▸ TASK: Would you copy the lines below exactly and omit the images?

▸ THE DATA:
○ ○ ○ ○ ○

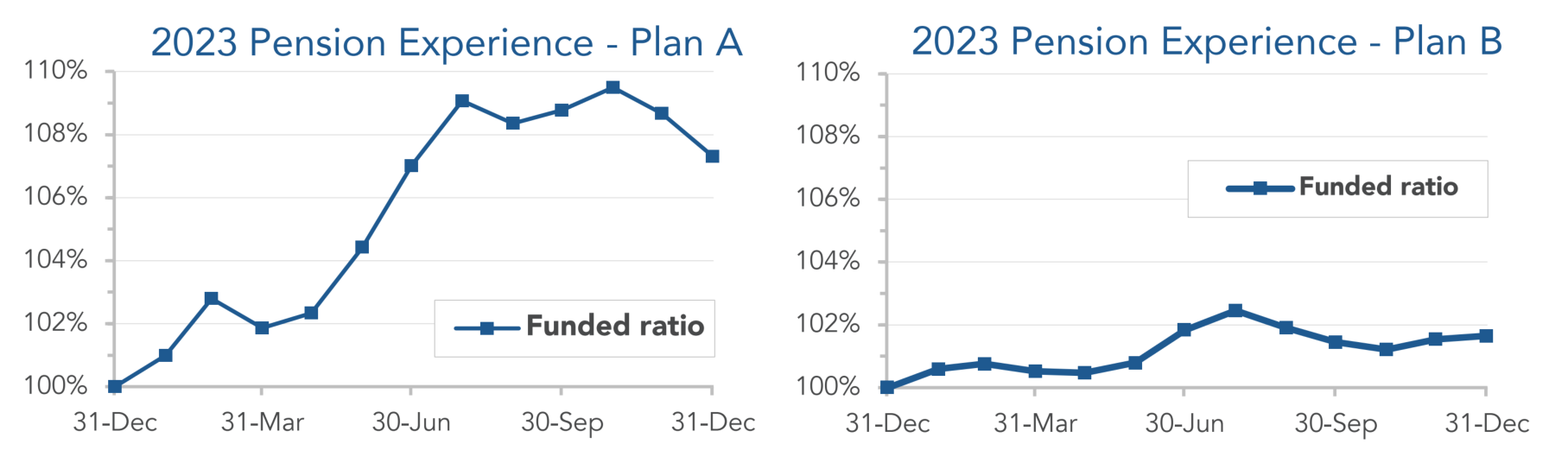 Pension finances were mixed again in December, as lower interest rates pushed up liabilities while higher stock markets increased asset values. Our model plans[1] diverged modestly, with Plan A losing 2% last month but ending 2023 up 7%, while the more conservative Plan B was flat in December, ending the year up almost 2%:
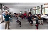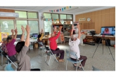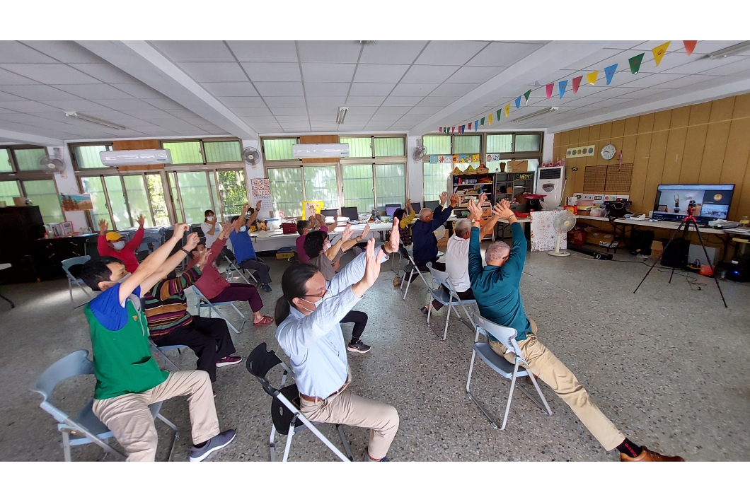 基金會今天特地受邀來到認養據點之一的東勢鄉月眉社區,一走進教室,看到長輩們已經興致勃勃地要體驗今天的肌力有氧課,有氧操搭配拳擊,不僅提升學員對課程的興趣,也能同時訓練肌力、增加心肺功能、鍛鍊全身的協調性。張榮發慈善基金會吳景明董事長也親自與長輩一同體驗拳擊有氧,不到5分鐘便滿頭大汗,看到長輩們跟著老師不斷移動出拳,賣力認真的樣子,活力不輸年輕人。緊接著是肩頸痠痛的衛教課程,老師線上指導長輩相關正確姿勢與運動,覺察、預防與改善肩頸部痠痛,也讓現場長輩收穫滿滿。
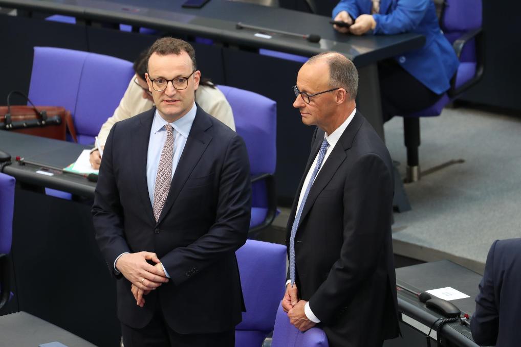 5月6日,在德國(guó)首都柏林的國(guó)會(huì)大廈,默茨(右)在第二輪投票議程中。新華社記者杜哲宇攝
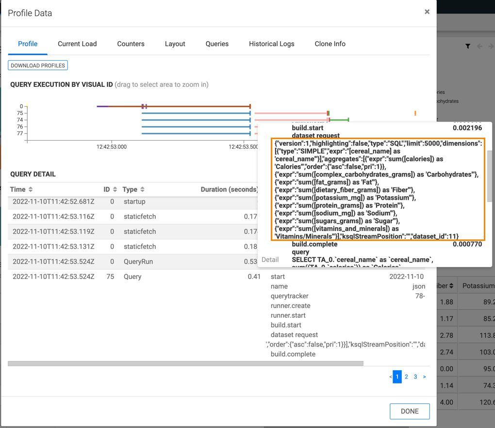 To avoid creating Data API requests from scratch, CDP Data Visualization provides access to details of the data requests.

○ ○ ○ ○ ○

▸ WRITTEN ANSWER:
 Pension finances were mixed again in December, as lower interest rates pushed up liabilities while higher stock markets increased asset values. Our model plans[1] diverged modestly, with Plan A losing 2% last month but ending 2023 up 7%, while the more conservative Plan B was flat in December, ending the year up almost 2%:
 基金會今天特地受邀來到認養據點之一的東勢鄉月眉社區,一走進教室,看到長輩們已經興致勃勃地要體驗今天的肌力有氧課,有氧操搭配拳擊,不僅提升學員對課程的興趣,也能同時訓練肌力、增加心肺功能、鍛鍊全身的協調性。張榮發慈善基金會吳景明董事長也親自與長輩一同體驗拳擊有氧,不到5分鐘便滿頭大汗,看到長輩們跟著老師不斷移動出拳,賣力認真的樣子,活力不輸年輕人。緊接著是肩頸痠痛的衛教課程,老師線上指導長輩相關正確姿勢與運動,覺察、預防與改善肩頸部痠痛,也讓現場長輩收穫滿滿。
 5月6日,在德國(guó)首都柏林的國(guó)會(huì)大廈,默茨(右)在第二輪投票議程中。新華社記者杜哲宇攝
 To avoid creating Data API requests from scratch, CDP Data Visualization provides access to details of the data requests.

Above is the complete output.